- Data segment
___

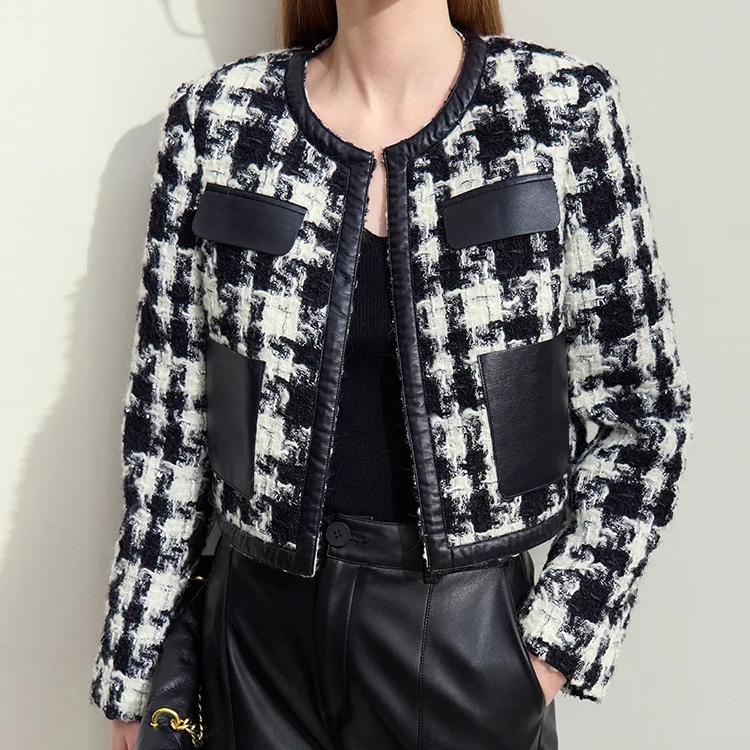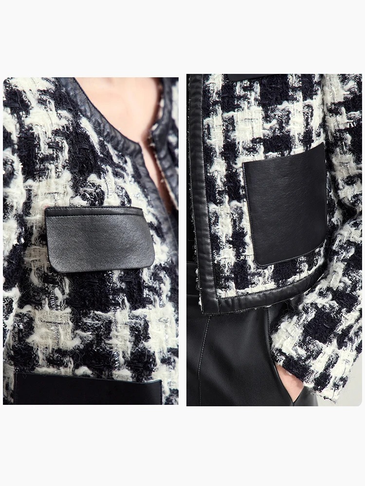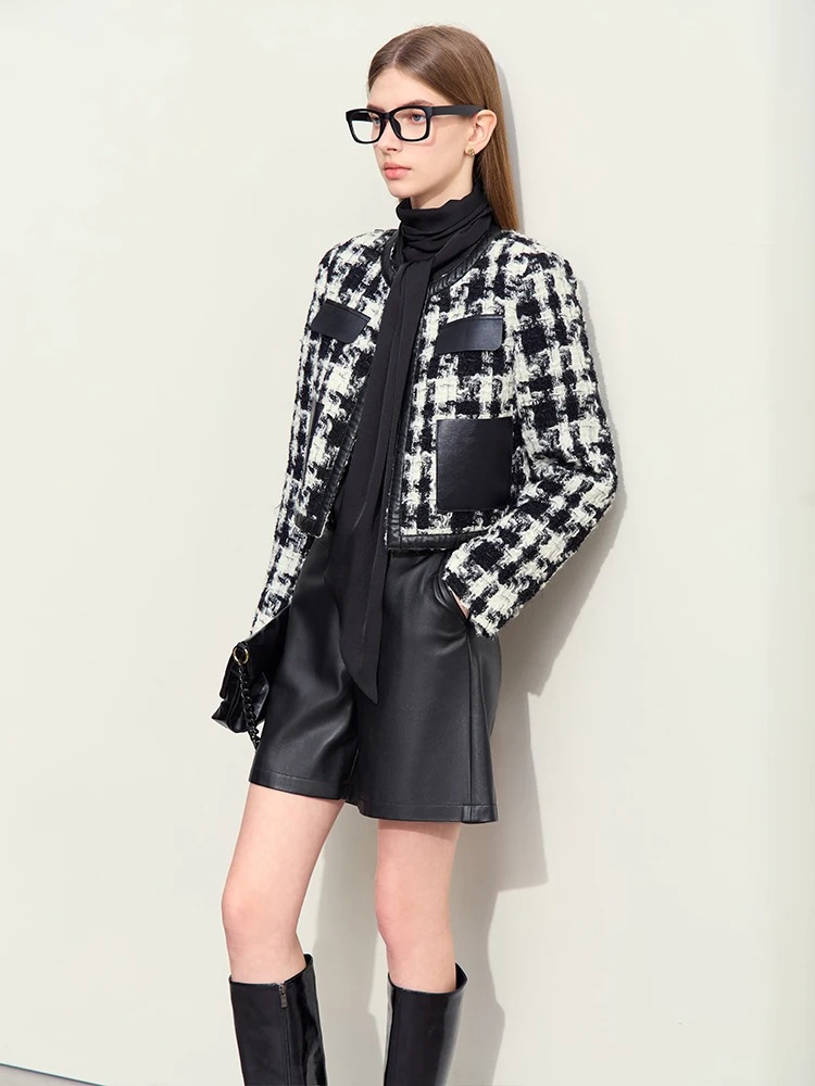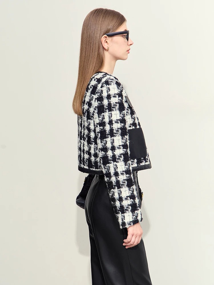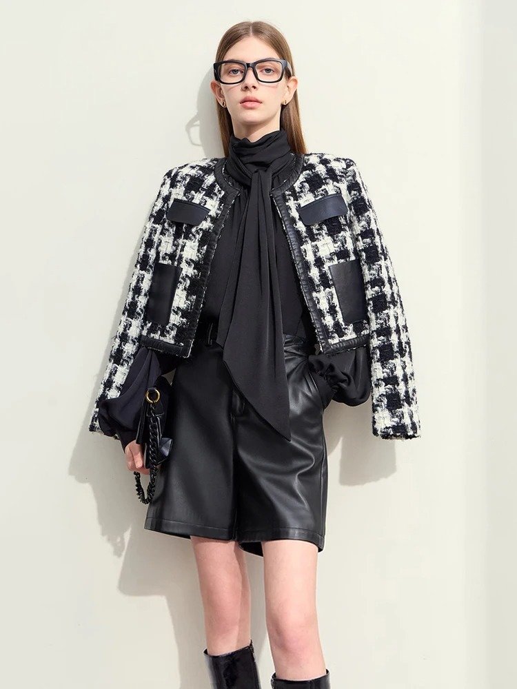 This short winter coat combines functionality with effortless style, offering a flattering wide-waisted silhouette and eye-catching plaid pattern. Its O-neck collar and spliced PU leather detailing add a unique twist to a classic design. The covered button closure ensures a sleek and polished look, while the full-length sleeves provide optimal coverage for chilly days.
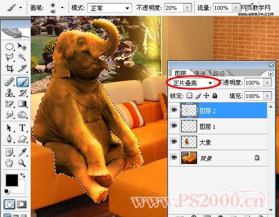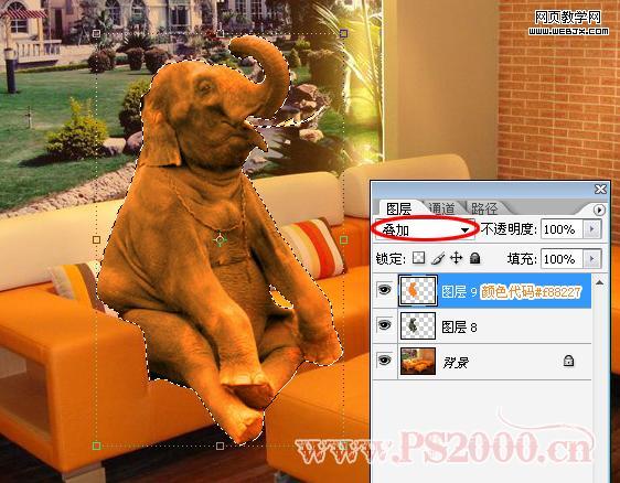 按ctrl鍵,鼠標點擊大象圖層,新建圖層,填充桔黃色(#88227),圖層改為疊加模式
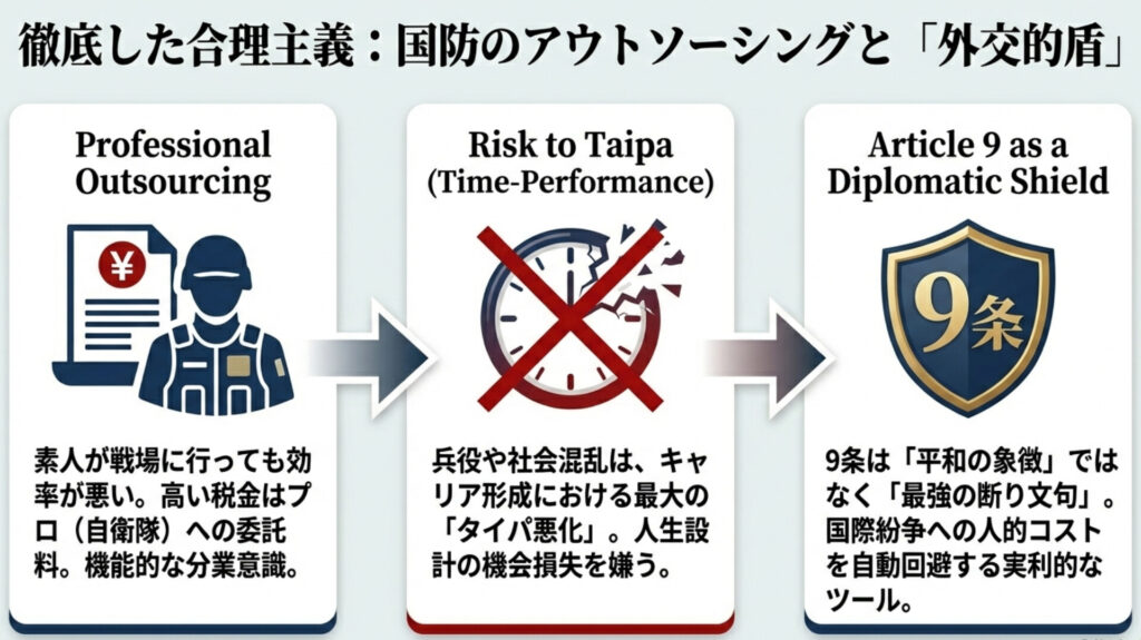 • 専門家へのアウトソーシング(分業意識) 「高い税金を払っているのだから、国防はプロ(自衛隊)が完遂すべきサービスである」という顧客視点。素人が戦場へ行くことの非効率性を、コスト面からロジカルに判断して拒絶しています。

___

Once you find the line that contains "按ctrl鍵,鼠標點擊大象圖", give it again along with every later line through the end of the data, word for word, minus the pictures.

 按ctrl鍵,鼠標點擊大象圖層,新建圖層,填充桔黃色(#88227),圖層改為疊加模式
 • 専門家へのアウトソーシング(分業意識) 「高い税金を払っているのだから、国防はプロ(自衛隊)が完遂すべきサービスである」という顧客視点。素人が戦場へ行くことの非効率性を、コスト面からロジカルに判断して拒絶しています。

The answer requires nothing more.